First, we tried to visualize PrKAI2d3 hydrolase activity with a generic substrate, para-nitrophenyl acetate (p-NPA). Surprisingly, no hydrolytic activity was detected (Supplemental Figure 12), in contrast to that observed for other SL receptors treated with the same probe (de Saint Germain et al., 2016). When PrKAI2d3 was incubated with (+)-GR24 and (−)-2′-epi-GR24, cleavage activity was unambiguously observed by ultraperformance liquid chromatography (UHPLC)/UV diode array detector (DAD) analysis (Figure 3A). However, unlike AtD14 and AtKAI2, PrKAI2d3 did not cleave (−)-GR24 or (+)-2′-epi-GR24. Interestingly, a residual cleavage activity of PrKAI2d3S98A still occurred with all GR24 isomers but displayed no stereoselectivity, a result that may explain the partial complementation of htl-3 with PrKAI2d3S98A-overproducing constructs (Figure 1G).
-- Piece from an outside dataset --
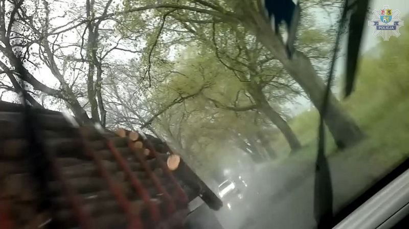 Policjanci z Lęborka poszukują kierowcy samochodu ciężarowego scania o nr rej. GSL26WL, który 9 mają przewożąc bale drewna, omal nie doprowadził do poważnego wypadku drogowego. Kierowca scani prawdopodobnie nieprawidłowo zabezpieczył przewożony ładunek i w trakcie jazdy drogą W214 w miejscowości Rybki jedna z dużych bali drewna spadła z naczepy i omal nie uderzyła w jadący z przeciwka samochód osobowy. Całe zdarzenie przypadkowo nagrał kierowca osobówki, w kierunku której leciała rozpędzona kłoda drewna i minęła jego samochód o kilka centymetrów. Kierowca ciężarówki prawdopodobnie nie zauważył co się stało i pojechał dalej bez zatrzymywania.
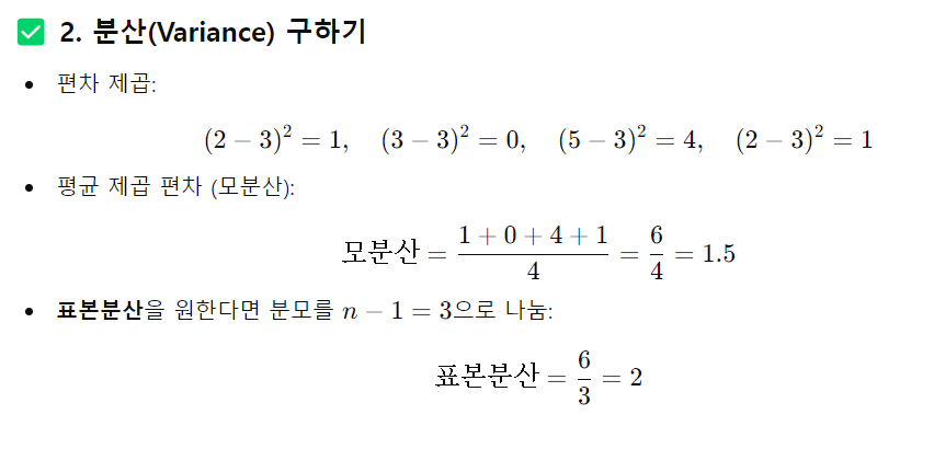 예시로 2, 3, 5, 2의 데이터를 분산, 표준편차를 나타내면 (분산 사례수 n 로 나누지 않고 n-1로 나눔)

These data suggest that SL hydrolysis and subsequent signal transduction can occur without an intact catalytic triad.

Figure 3.

Figure 3

The PrKAI2d3 enzymatic activity improves the SL biological activity.

(A and B) Hydrolysis activity of GR24 isomers and analogs by various proteins. (+)-GR24, (−)-GR24, (+)-2′epi-GR24, and (−)-2′epi-GR24 (A) and (±)-GR24, (±)-4′-desmethyl-GR24, (±)-4′-desmethyl-2′-epi-GR24, and (±)-3′-Me-GR24 (B) at 10 μM were incubated with PrKAI2d3, PrKAI2d3S98A, AtD14, and AtKAI2 at 5 μM for 150 min at 25°C. UPLC-UV (260 nm) analysis was used to detect the remaining amounts of GR24 isomers and analogs. Bars represent the mean value of the hydrolysis rate calculated from the remaining GR24 isomers and analogs, taking into account the hydrolysis in the buffer alone (without protein sample) and quantified using (±)-1-indanol as an internal standard. Error bars represent the SD of three replicates (means ± SD, n = 3). nd, no hydrolysis detected. The asterisks indicate statistical significance from the PrKAI2d3 protein sample as measured by the Kruskal–Wallis test. ∗∗∗p ≤ 0.001 and p > 0.05.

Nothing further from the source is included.